Everything below from the line with "Naše zdviháky kolies" through the line with "Techo suspendido formado" must be retyped exactly, except the pictures.

- Supplied information:
※
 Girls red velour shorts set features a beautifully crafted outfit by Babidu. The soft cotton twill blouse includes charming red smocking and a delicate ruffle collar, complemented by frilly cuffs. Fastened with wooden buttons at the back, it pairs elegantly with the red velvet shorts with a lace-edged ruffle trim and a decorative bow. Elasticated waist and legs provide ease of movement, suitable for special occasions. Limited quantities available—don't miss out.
※
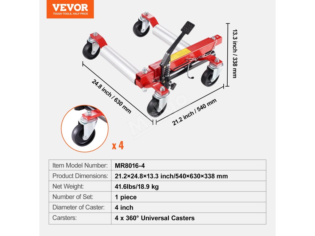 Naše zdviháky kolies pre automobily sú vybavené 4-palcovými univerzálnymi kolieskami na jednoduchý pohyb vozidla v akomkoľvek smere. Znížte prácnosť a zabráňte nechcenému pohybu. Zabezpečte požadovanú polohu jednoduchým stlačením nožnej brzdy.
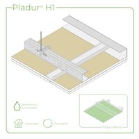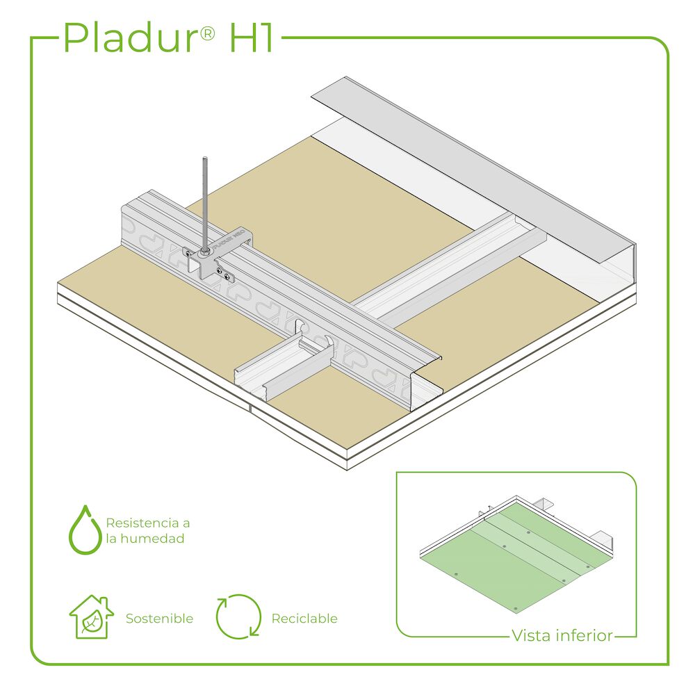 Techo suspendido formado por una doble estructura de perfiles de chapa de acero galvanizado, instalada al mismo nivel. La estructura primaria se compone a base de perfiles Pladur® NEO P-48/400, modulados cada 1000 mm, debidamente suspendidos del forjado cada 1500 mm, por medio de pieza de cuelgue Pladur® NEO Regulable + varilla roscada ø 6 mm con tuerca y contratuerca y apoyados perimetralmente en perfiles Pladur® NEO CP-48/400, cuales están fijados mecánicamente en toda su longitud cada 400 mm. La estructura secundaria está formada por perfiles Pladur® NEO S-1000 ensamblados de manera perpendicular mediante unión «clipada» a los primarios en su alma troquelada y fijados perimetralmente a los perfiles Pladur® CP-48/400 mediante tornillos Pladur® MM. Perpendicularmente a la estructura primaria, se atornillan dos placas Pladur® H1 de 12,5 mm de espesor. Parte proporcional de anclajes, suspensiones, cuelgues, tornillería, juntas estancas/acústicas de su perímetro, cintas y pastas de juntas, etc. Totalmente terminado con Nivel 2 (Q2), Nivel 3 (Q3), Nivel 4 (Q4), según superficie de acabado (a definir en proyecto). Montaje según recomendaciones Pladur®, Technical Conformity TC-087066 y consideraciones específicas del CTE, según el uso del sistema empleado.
※
- Task answer:
 Naše zdviháky kolies pre automobily sú vybavené 4-palcovými univerzálnymi kolieskami na jednoduchý pohyb vozidla v akomkoľvek smere. Znížte prácnosť a zabráňte nechcenému pohybu. Zabezpečte požadovanú polohu jednoduchým stlačením nožnej brzdy.
 Techo suspendido formado por una doble estructura de perfiles de chapa de acero galvanizado, instalada al mismo nivel. La estructura primaria se compone a base de perfiles Pladur® NEO P-48/400, modulados cada 1000 mm, debidamente suspendidos del forjado cada 1500 mm, por medio de pieza de cuelgue Pladur® NEO Regulable + varilla roscada ø 6 mm con tuerca y contratuerca y apoyados perimetralmente en perfiles Pladur® NEO CP-48/400, cuales están fijados mecánicamente en toda su longitud cada 400 mm. La estructura secundaria está formada por perfiles Pladur® NEO S-1000 ensamblados de manera perpendicular mediante unión «clipada» a los primarios en su alma troquelada y fijados perimetralmente a los perfiles Pladur® CP-48/400 mediante tornillos Pladur® MM. Perpendicularmente a la estructura primaria, se atornillan dos placas Pladur® H1 de 12,5 mm de espesor. Parte proporcional de anclajes, suspensiones, cuelgues, tornillería, juntas estancas/acústicas de su perímetro, cintas y pastas de juntas, etc. Totalmente terminado con Nivel 2 (Q2), Nivel 3 (Q3), Nivel 4 (Q4), según superficie de acabado (a definir en proyecto). Montaje según recomendaciones Pladur®, Technical Conformity TC-087066 y consideraciones específicas del CTE, según el uso del sistema empleado.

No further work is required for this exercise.